[Provided data — start]

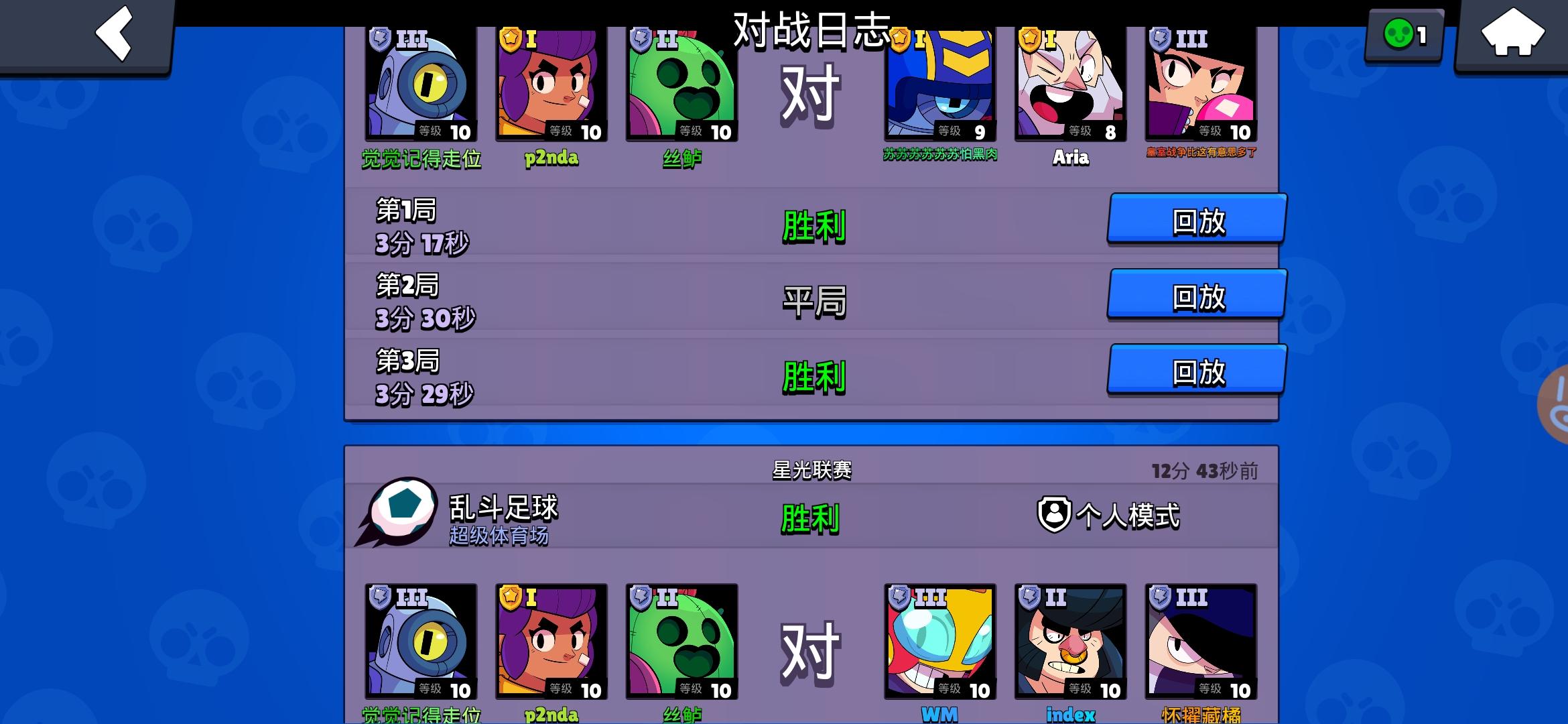 先输了一把,结果后面把把平局,每次都是双方都进一球然后打加时互相防守,我们没那么多输出,我还被克制了,但我们防守打得特别顽强,最起码防了4个大脚,球赛踢得很精彩,大家心态都有点把持不住,毕竟2胜的比赛足足踢了6场,最后一局大家防守都很好,都没进球,加时赛我们防了一个大脚,反手杀了对面,靠一个大脚绝杀了对面!可惜不能回放,不然还真挺有意思的
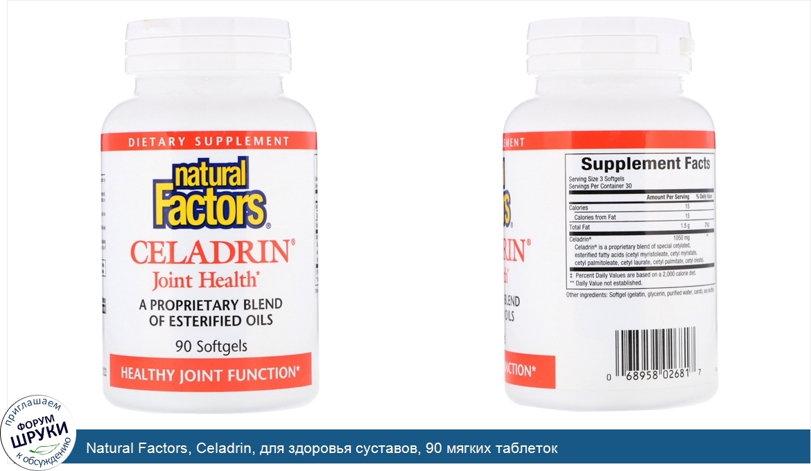 Категории: Natural Factors, Пищевые добавки, Здоровье пожилых людей, Celadrin, Кости, суставы и хрящи, Натурал Факторс, 2548
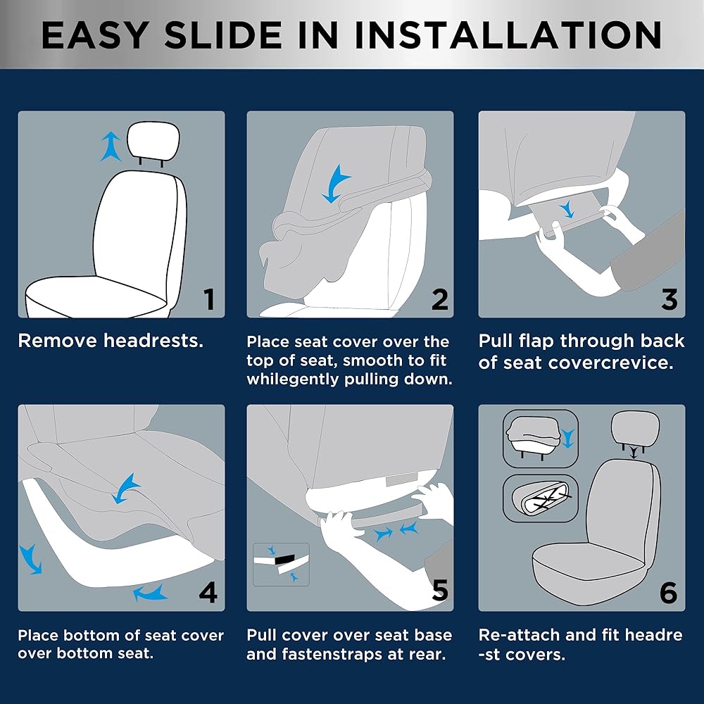 EASY TO INSTALL - Follow our simple installation process to install the front seat covers before finishing off with the rear bench seat cover and headrest covers.

[Provided data — finish]

* Activity: Output the full listing above exactly, excluding all pictures.

* Solution for this problem:
 先输了一把,结果后面把把平局,每次都是双方都进一球然后打加时互相防守,我们没那么多输出,我还被克制了,但我们防守打得特别顽强,最起码防了4个大脚,球赛踢得很精彩,大家心态都有点把持不住,毕竟2胜的比赛足足踢了6场,最后一局大家防守都很好,都没进球,加时赛我们防了一个大脚,反手杀了对面,靠一个大脚绝杀了对面!可惜不能回放,不然还真挺有意思的
 Категории: Natural Factors, Пищевые добавки, Здоровье пожилых людей, Celadrin, Кости, суставы и хрящи, Натурал Факторс, 2548
 EASY TO INSTALL - Follow our simple installation process to install the front seat covers before finishing off with the rear bench seat cover and headrest covers.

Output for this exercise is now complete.